These steps are optional if you use an already built Arduino microcontroller. However, since you are only using a small amount of its capabilities it makes more sense to make a barebones version of an Arduino that is much smaller and cheaper to reproduce. This section might be slightly difficult for someone with no electronics experience, but should be easy for anyone who has assembled a simple electronics kit. A "schematic" sketch for the electronics is attached. The schematic is highly derived from David A. Mellis's Atmega8 Standalone schematic
. If there is interest I will make a dedicated Instructable for this step. The decoupled power circuit is from Tom Igoe's Physical Computing book.

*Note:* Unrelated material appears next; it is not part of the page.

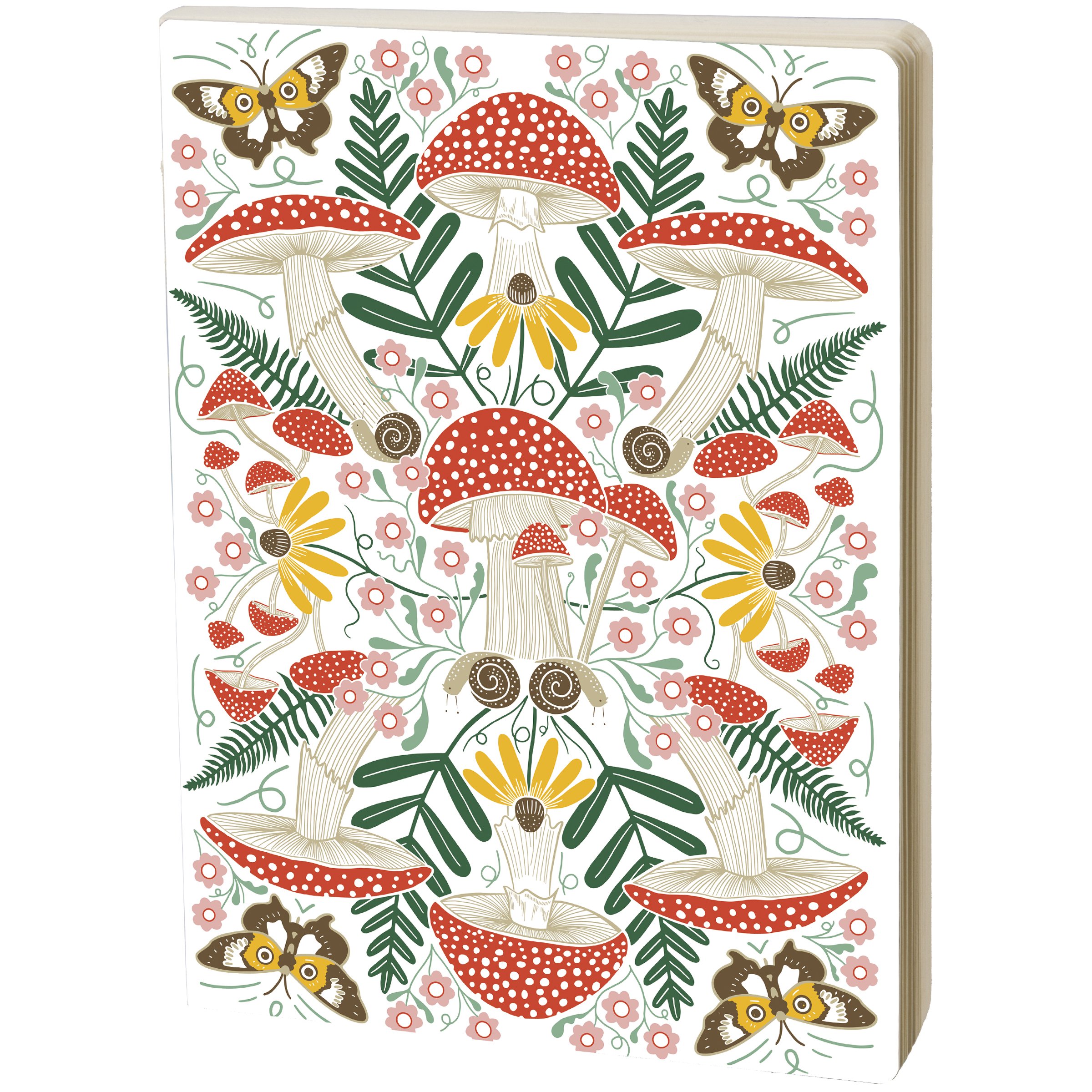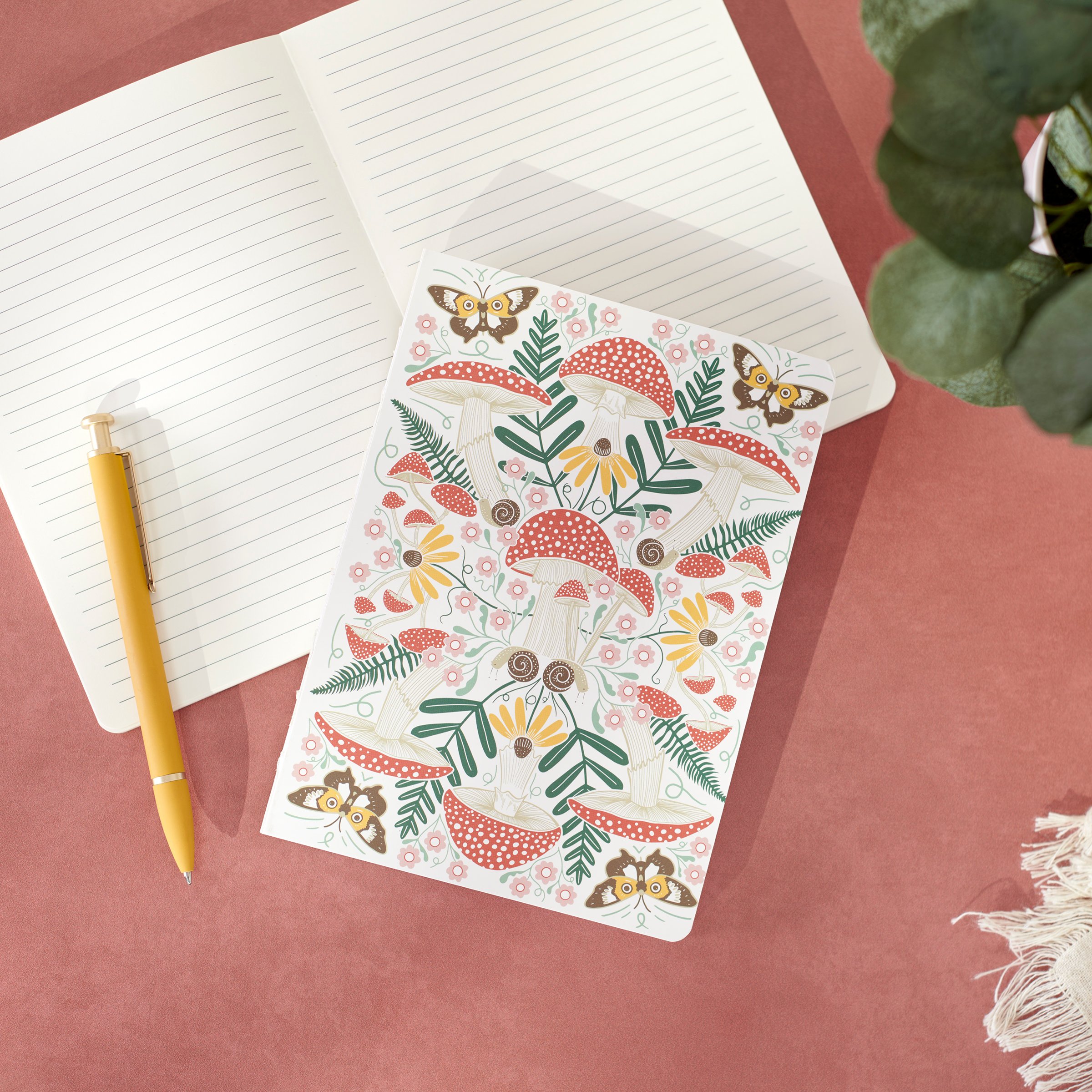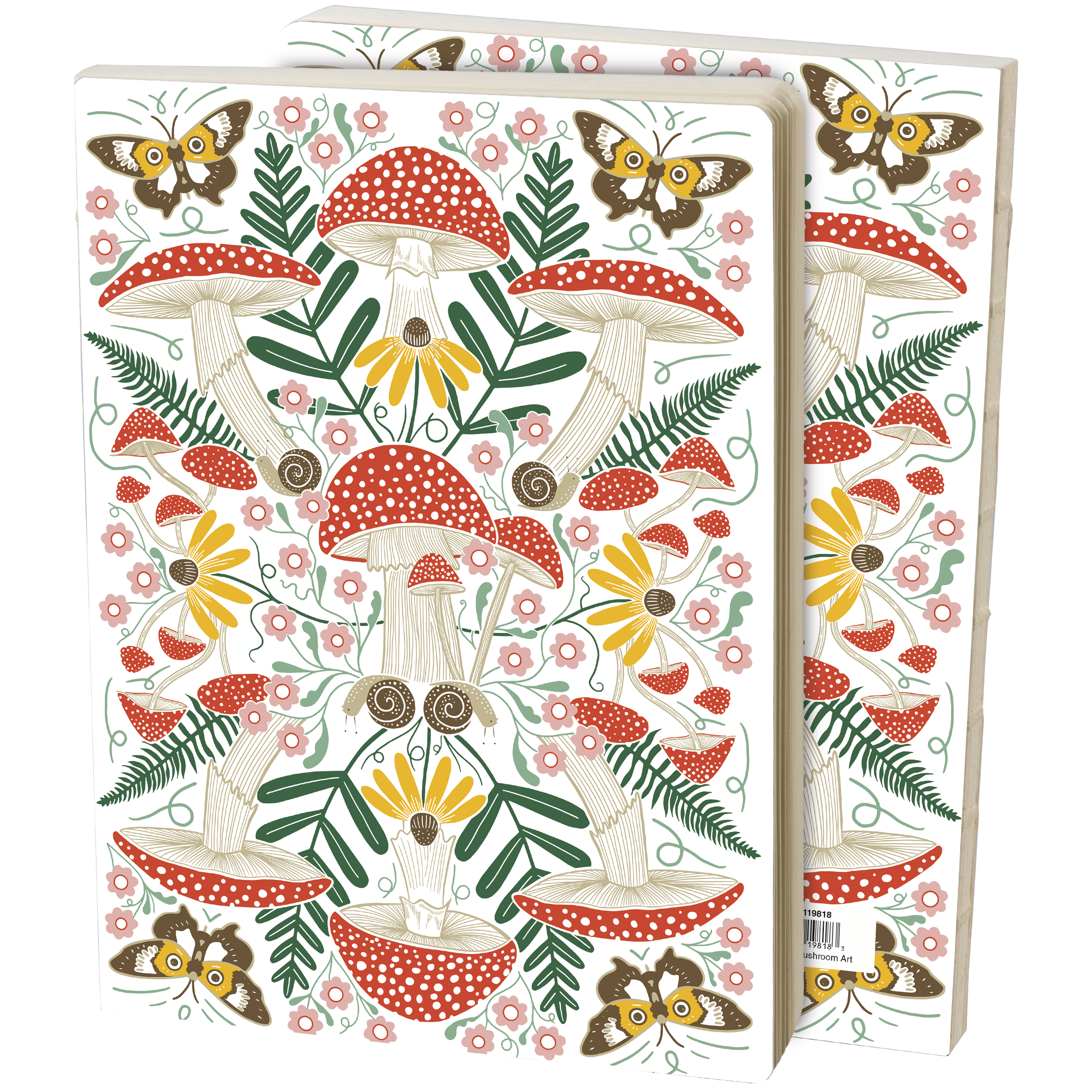 A double-sided journal from our Cottagecore Collection displaying nature inspired patterns of mushrooms, flowers, and butterflies on the front and back. Nature designs are replicated from original hand illustrated artwork inspired by folk art. Our Mushroom Art journal includes 160 lined pages and an open spine to lay flat for easy use when writing. A stylish nature-themed gift perfect for an everyday accessory.

I included picture of the PC board version (with sensor/buzzer not connected) as well as a prototyping version built on a breadboard for reference. The breadboard version also shows how to connect the Arduino board as a USB programmer for the microcontroller chip. Since I used a DIP socket for the chip, I can also remove the chip and put it in an Arduino board to program it, but it can be tricky to pull the chip out without bending all the pins -- thats why i included the female header pins for the tx/rx. Even though the board is very cramped, you can see that all of the pins of the controller have a solder pad available to connect to. Since they aren't necessary for this project I did not solder female headers to the unused pins but if they were, you would have the full capabilities of an Arduino Diecimilia except on-board USB in a very small package. The width of the board is approximately one half of the Diecimilia board and about the same length. (here is a similar setup
.) It is optional to use a transistor to power the buzzer, the Arduino can provide enough current from the pin itself. However, using the transistor allows you to use other sound making devices other than a buzzer if you have one.